Je me souviens des tombereaux d’insultes qui avaient déferlé sur Brian, et plus encore sur le Directeur de la communication d’AppNexus, Josh Zeitz, surtout à propos de sa religion supposée (je ne vous fais pas de dessin). Josh n’avait fait que signer le communiqué de presse !  Mais il m’avait expliqué qu’ayant travaillé dans la communication politique pendant des années, il avait le cuir déjà bien tanné.

Suite à ce scandale, Google et Facebook avaient même annoncé que les sites de fakenews ne pourraient plus utiliser leurs outils
Mais qu’est-ce qu’une fakenews lorsque toute idée est une opinion ? Cette grande déclaration des deux géants n’a jamais pu être mise en œuvre.

Pire, lorsque les mensonges viennent du Président américain lui-même, une dimension historique vient s’ajouter pour corser le tout.
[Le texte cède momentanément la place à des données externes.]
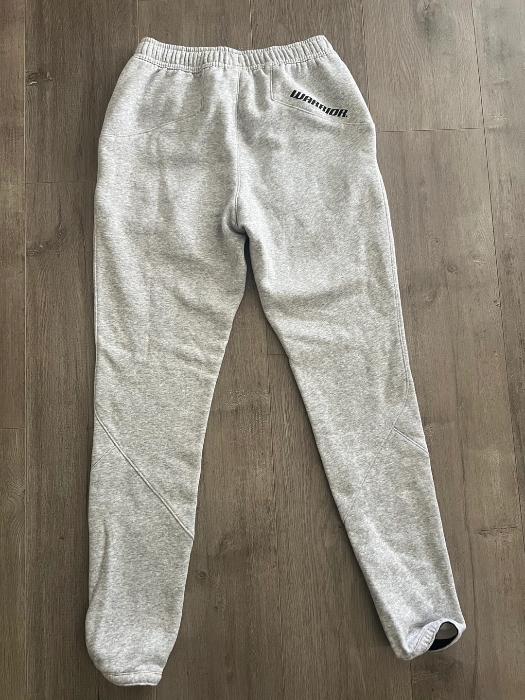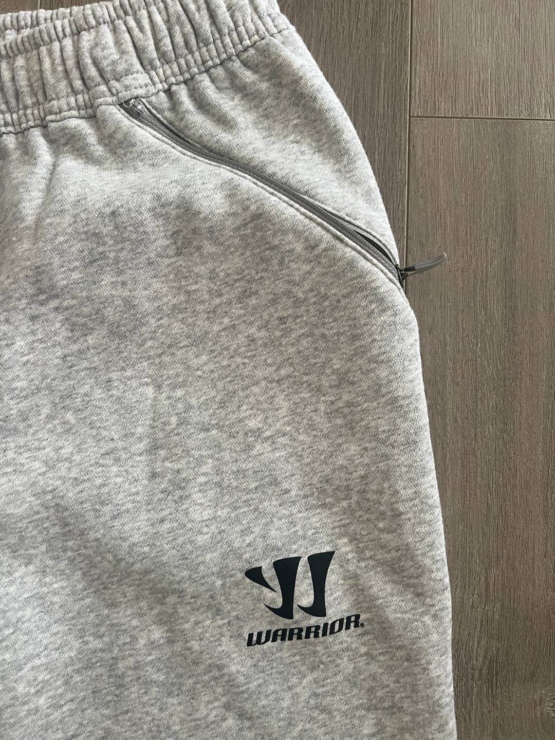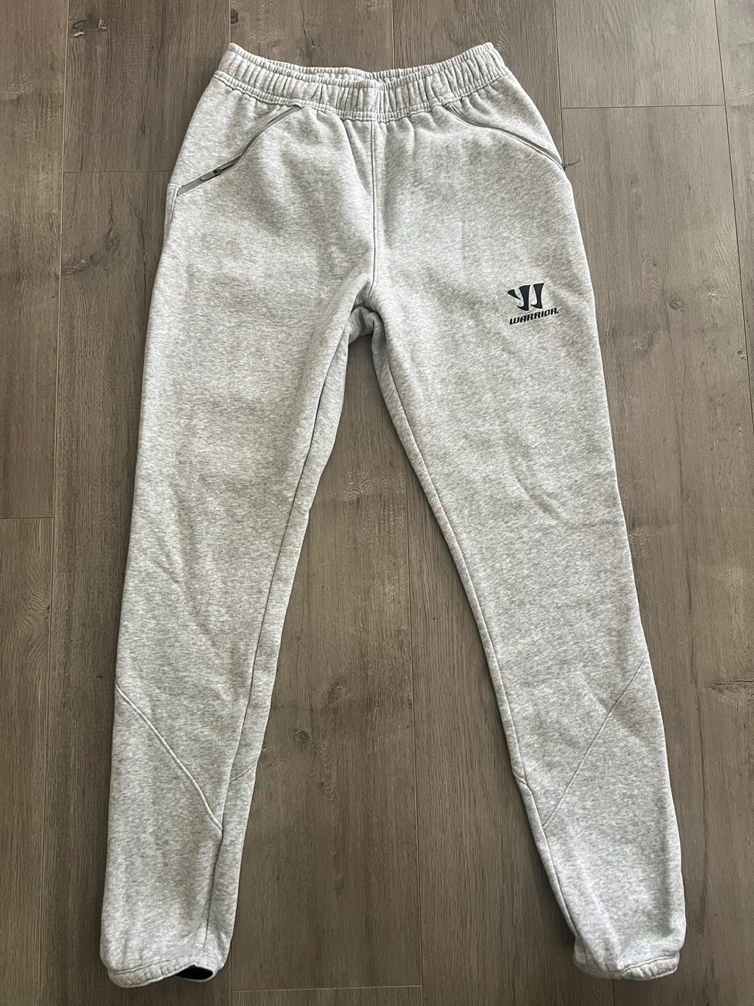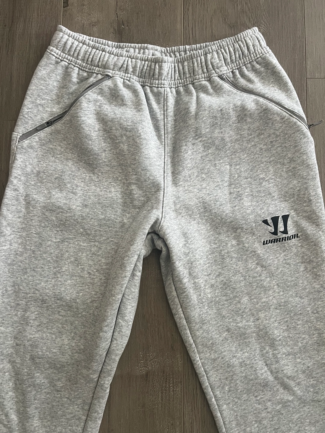 Grey baseball sweats with zippered pockets and elastic cuffs. New Size

Le simple fait qu’un président ait dit telle phrase doit être conservé pour la postérité…

Google et Facebook n’ont jamais voulu voir leur responsabilité engagée. C’est la fameuse section 230 que Trump voulait faire supprimer. Ce texte de loi oblige les réseaux sociaux à s’auto-réguler, tout en les exonérant de la responsabilité de tout ce qui passe par leurs tuyaux.
Regardons un peu plus précisément ce paradoxe : la section 230 a pour conséquence la diffusion de fakenews, dont les réseaux ne sont pas responsables. Ça les arrange parce que leur audience explose grâce aux contenus de tous types (y compris les plus extrêmes). Sans la section 230, Trump ne serait jamais arrivé là où il est ! Mais il a identifié cette faiblesse de ceux qui l’ont aidé à leur corps défendant et le lâchent aujourd’hui. Donc il veut supprimer la loi qui l’a porté… 

Comment des sociétés privées (Google, Facebook, Twitter) se sont-elles trouvées à disposer d’un tel pouvoir ?  Comment le régulateur n’a pas depuis longtemps été mettre son nez dans leurs conditions générales d’utilisation de leur service ?  L’expression des idées politiques peut-elle être contrôlée par des conditions d’utilisation d’un service privé ? Ça n’a pas de sens !

Alors quand un président en exercice, Trump, viole à de nombreuses reprises, les conditions d’utilisation de leurs services, ces sociétés se retrouvent obligées de les appliquer ! Sinon 2,5 milliards d’utilisateurs auront carte blanche pour délater, appeler au meurtre, diffamer, etc.

Même le réseau social ultra-permissif, Parler, qu’on ne peut pas qualifier de gauchiste, a supprimé des messages appelant à pendre Mike Pence. Ce n’était pas de la censure, non ? Juste l’application de Conditions d’Utilisation par ailleurs très laxistes. Mais visiblement, ça n’a pas suffi à prouver que Parler respectait les Conditions d’Utilisation d’Amazon Web Service, qui ont cassé son contrat…

Ce n’est donc pas une question politique, ce n’est pas de la censure, ce n’est que l’application de contrats d’utilisation privés. Mais ce n’est pas normal non plus…
Car ces Conditions Générales d’Utilisation ne sont pas faites pour ça ! La décision de couper un responsable politique devrait être politique et votée. Mais le pouvoir de ces réseaux est devenu tel qu’ils se retrouvent face à leurs propres contradictions.

Les réseaux sociaux sont dans la m….
L’équation à résoudre « ne pas censurer » ET « ne pas être complice de violences » n’a pas de solution.

Mais faut-il les plaindre ? A faire l’autruche pendant des années, tout en engrangeant des profils indécents, ils l’ont peut-être bien cherché.

Pire, en décidant de clore le compte de Trump, Twitter donne raison au Président populiste. Malgré la protection que leur donne la section 230, les réseaux sociaux ont une responsabilité… Cette responsabilité est morale, pas légale aujourd’hui. Mais elle ne peut plus être ignorée.

Seule la loi va permettre de remettre de la cohérence dans tout ça. Et les réseaux sociaux ne vont pas aimer ce qui va leur arriver.

La conséquence du bannissement de Trump sera-t-elle la suppression de la section 230, comme Trump le réclamait ? 
Si ce n’était pas tragique, ce serait drôle, non ????